Objective Given the challenges of reverse distribution and inefficient high-carbon logistics for green methanol in China, alongside the risk of idle and stranded assets in existing oil pipelines amid peak oil consumption, it is crucial to leverage oil pipeline infrastructure to develop an efficient, low-carbon methanol transportation system.

Methods Based on systematic theory, a construction path for a methanol pipeline transportation system was proposed from the perspectives of multi-energy integration and revitalization of stock assets. At the physical facility level, technical challenges were analyzed, including methanol-induced stress corrosion cracking, seal swelling, mixing control during batch transportation, and gas resistance oscillation in high-drop pipeline segments. An adaptive renovation path was put forward based on material compatibility evaluation and precise tracking of mixed oil interfaces. At the logistics network level, a three-dimensional logistics architecture of “long-distance trunk lines + regional microgrids + hub peak shaving” was established to address the flow mismatch between continuous pipeline transportation and terminal pulsed consumption, and to smooth “last-mile” delivery. For safety assurance, a risk prevention and control system for methanol pipeline transportation was proposed, incorporating a phase separation monitoring mechanism, leakage early-warning lines, and full-life-cycle integrity management.

Results The results indicated that: (1) The stock asset revitalization strategy, combined with a “marginal cost + green premium” pricing model and flexible pipeline capacity trading, effectively unlocked idle pipeline capacity and enabled seamless integration of “production, supply, storage, and injection” infrastructure. (2) A full-life-cycle digital carbon passport traceability system was established to address international green trade barriers. (3) A market-oriented operation mechanism, deeply coupling carbon, energy, price, and benefit, facilitated the redistribution of regional economic benefits through spatial energy transfer.
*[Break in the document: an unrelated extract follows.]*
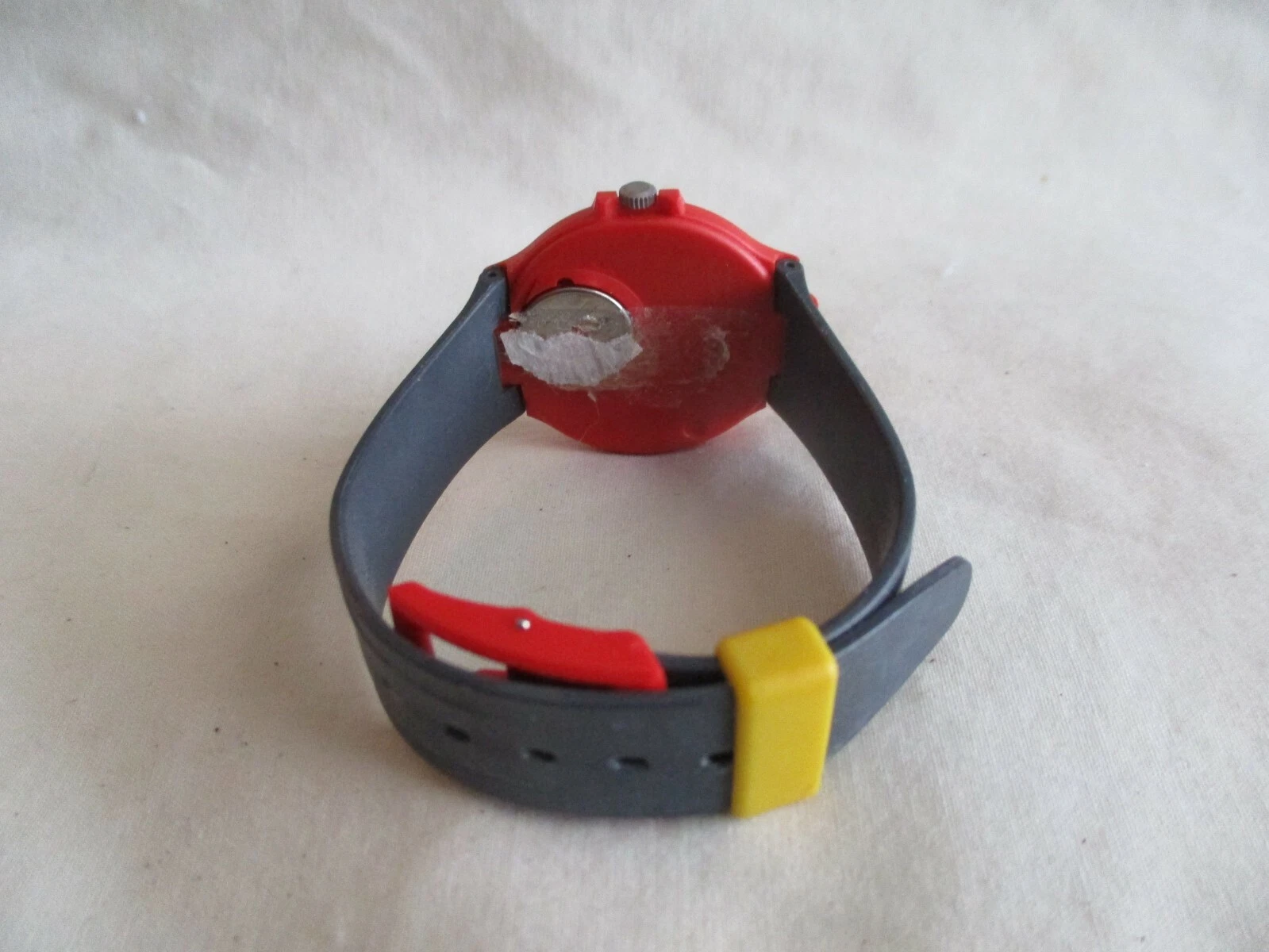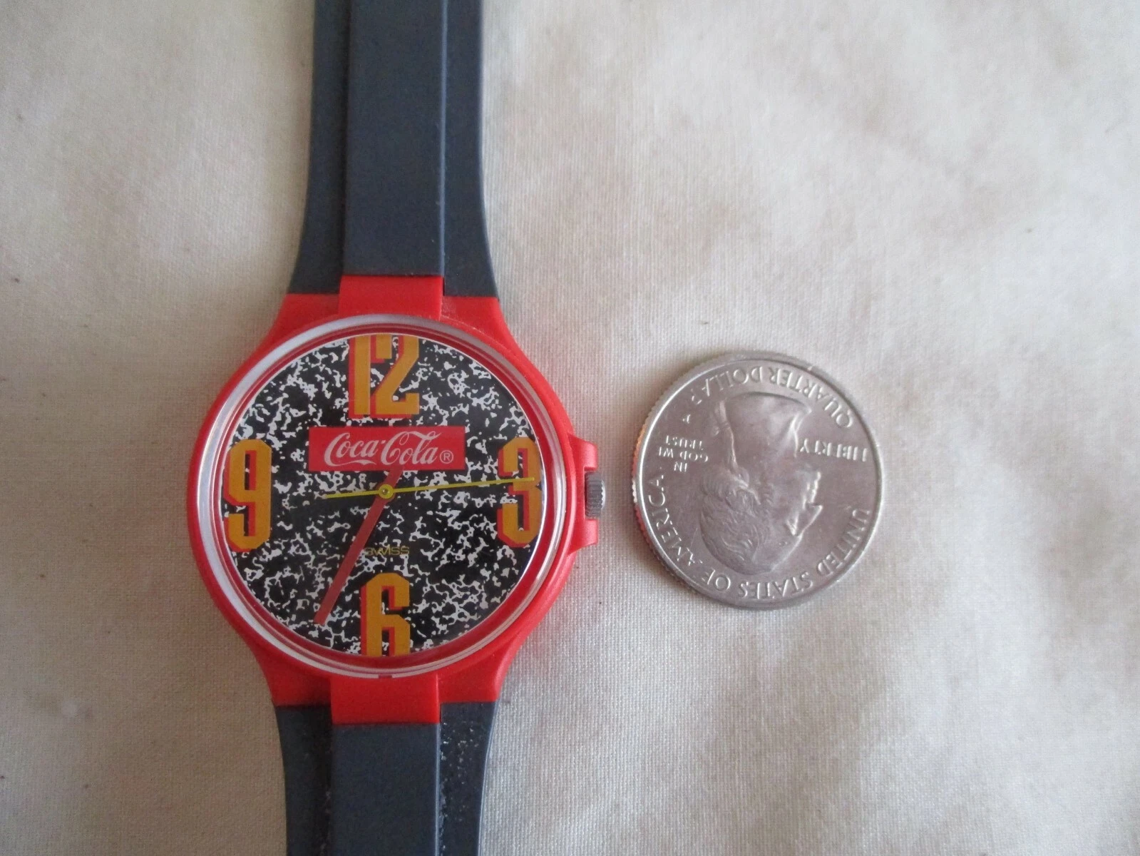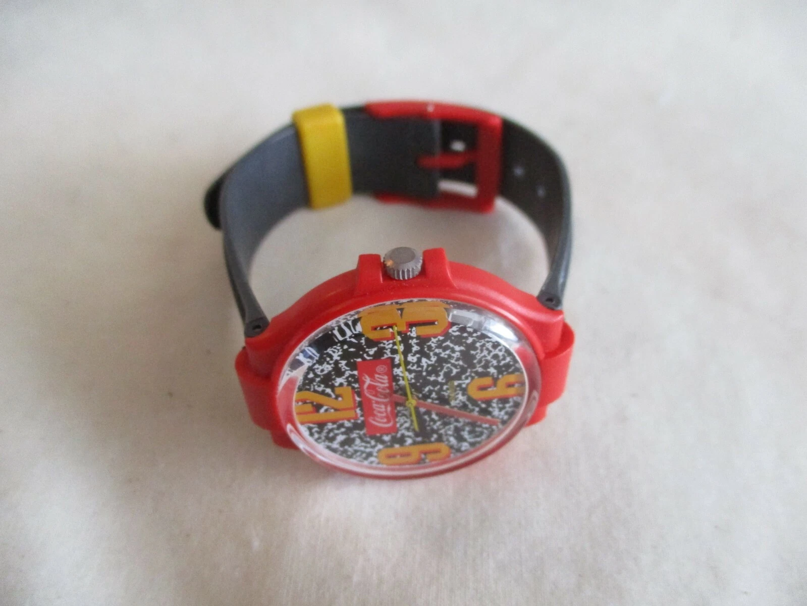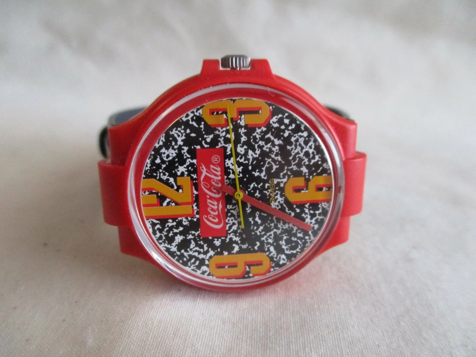 Coca Cola Swiss Made Wristwatch Red Yellow Gray Buckle Band Collectible

Conclusion The use of stock assets for methanol transportation represents a Pareto improvement approach that addresses logistics challenges and revitalizes idle assets. This approach transforms traditional oil pipeline networks into integrated energy systems coupling hydrogen, carbon, and methanol, bridges the theoretical gap in reconstructing long-distance methanol pipeline networks in China, strengthens the “liquid defense line” for national energy security, and offers a Chinese model for the green transformation of global fossil energy infrastructure.